***** Exercise data *****

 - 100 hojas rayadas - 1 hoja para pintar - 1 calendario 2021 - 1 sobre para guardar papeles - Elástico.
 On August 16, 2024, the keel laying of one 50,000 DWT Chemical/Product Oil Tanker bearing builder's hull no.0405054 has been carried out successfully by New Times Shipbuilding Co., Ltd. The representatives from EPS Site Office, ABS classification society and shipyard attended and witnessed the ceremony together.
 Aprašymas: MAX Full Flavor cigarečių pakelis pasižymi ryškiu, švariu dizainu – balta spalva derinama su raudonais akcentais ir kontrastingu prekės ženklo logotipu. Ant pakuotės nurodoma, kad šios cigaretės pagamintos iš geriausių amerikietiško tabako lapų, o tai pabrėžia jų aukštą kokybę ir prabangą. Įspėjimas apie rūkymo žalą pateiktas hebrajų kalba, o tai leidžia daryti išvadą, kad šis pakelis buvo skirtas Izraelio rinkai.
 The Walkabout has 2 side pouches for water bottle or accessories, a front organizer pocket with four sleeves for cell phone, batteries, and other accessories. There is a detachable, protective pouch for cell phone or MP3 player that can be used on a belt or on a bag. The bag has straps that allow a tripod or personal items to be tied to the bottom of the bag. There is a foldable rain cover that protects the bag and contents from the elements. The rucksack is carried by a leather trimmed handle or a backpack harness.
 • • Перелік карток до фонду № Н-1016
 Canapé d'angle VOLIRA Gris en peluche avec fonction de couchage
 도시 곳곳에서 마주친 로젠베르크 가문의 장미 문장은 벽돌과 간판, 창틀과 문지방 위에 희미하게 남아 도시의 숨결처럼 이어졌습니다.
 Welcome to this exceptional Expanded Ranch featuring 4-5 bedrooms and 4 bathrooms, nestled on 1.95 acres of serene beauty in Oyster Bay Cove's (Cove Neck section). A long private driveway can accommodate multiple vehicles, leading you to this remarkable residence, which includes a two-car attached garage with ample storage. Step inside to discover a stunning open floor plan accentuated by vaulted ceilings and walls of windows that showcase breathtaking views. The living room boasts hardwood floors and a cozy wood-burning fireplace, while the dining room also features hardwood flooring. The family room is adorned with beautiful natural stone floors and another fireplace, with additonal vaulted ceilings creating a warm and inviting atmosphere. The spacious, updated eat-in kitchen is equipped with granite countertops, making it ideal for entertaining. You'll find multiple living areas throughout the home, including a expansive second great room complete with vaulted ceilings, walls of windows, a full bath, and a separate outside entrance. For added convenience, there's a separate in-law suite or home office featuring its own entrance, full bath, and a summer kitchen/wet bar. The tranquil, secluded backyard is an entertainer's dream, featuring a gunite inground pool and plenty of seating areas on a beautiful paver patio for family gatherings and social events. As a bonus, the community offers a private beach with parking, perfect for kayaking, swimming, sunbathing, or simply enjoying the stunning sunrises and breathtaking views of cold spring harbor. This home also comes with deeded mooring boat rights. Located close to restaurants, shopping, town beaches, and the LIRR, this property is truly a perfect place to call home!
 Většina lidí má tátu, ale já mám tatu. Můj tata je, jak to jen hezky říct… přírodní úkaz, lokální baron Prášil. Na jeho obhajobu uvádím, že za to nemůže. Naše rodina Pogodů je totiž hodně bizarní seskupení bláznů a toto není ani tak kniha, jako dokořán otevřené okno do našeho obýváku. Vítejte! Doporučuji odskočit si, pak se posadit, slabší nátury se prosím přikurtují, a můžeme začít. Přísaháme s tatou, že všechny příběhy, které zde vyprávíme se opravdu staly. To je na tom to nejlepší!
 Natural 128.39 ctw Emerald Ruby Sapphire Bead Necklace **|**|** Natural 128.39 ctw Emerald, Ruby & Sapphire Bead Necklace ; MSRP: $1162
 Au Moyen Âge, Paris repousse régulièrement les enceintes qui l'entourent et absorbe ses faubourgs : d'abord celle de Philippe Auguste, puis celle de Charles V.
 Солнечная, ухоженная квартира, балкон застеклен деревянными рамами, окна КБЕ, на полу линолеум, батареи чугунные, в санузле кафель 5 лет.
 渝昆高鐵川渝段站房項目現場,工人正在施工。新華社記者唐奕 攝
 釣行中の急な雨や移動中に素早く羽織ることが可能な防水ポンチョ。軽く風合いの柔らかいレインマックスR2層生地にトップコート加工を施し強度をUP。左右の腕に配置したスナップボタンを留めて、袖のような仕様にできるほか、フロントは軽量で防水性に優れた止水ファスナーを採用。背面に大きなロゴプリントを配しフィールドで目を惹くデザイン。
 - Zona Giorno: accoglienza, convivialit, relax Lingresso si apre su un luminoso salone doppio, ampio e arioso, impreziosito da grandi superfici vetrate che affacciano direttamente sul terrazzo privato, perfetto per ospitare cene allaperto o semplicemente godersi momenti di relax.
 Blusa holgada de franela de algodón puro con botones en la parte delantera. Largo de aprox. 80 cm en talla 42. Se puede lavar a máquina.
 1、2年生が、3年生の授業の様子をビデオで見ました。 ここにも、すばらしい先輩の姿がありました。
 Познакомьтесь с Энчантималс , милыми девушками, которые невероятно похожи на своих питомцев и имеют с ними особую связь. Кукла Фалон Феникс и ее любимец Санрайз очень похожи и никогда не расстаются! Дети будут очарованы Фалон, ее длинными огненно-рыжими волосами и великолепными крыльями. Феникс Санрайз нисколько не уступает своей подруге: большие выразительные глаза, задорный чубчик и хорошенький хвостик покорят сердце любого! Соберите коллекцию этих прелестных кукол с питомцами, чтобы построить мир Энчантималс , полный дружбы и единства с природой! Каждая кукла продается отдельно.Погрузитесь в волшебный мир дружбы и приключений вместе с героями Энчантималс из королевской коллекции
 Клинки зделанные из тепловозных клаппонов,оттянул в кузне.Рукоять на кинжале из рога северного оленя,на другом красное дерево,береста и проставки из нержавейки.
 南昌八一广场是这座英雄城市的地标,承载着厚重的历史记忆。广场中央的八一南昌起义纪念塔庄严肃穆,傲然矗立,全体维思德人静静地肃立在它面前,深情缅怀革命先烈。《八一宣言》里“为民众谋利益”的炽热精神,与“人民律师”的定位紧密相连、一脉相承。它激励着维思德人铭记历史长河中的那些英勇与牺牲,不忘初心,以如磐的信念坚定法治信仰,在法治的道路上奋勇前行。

*****

Your instructions –
Beginning at the first line above, repeat exactly until the line containing "On August 16, 2024, the", which is included.

Response below –
 - 100 hojas rayadas - 1 hoja para pintar - 1 calendario 2021 - 1 sobre para guardar papeles - Elástico.
 On August 16, 2024, the keel laying of one 50,000 DWT Chemical/Product Oil Tanker bearing builder's hull no.0405054 has been carried out successfully by New Times Shipbuilding Co., Ltd. The representatives from EPS Site Office, ABS classification society and shipyard attended and witnessed the ceremony together.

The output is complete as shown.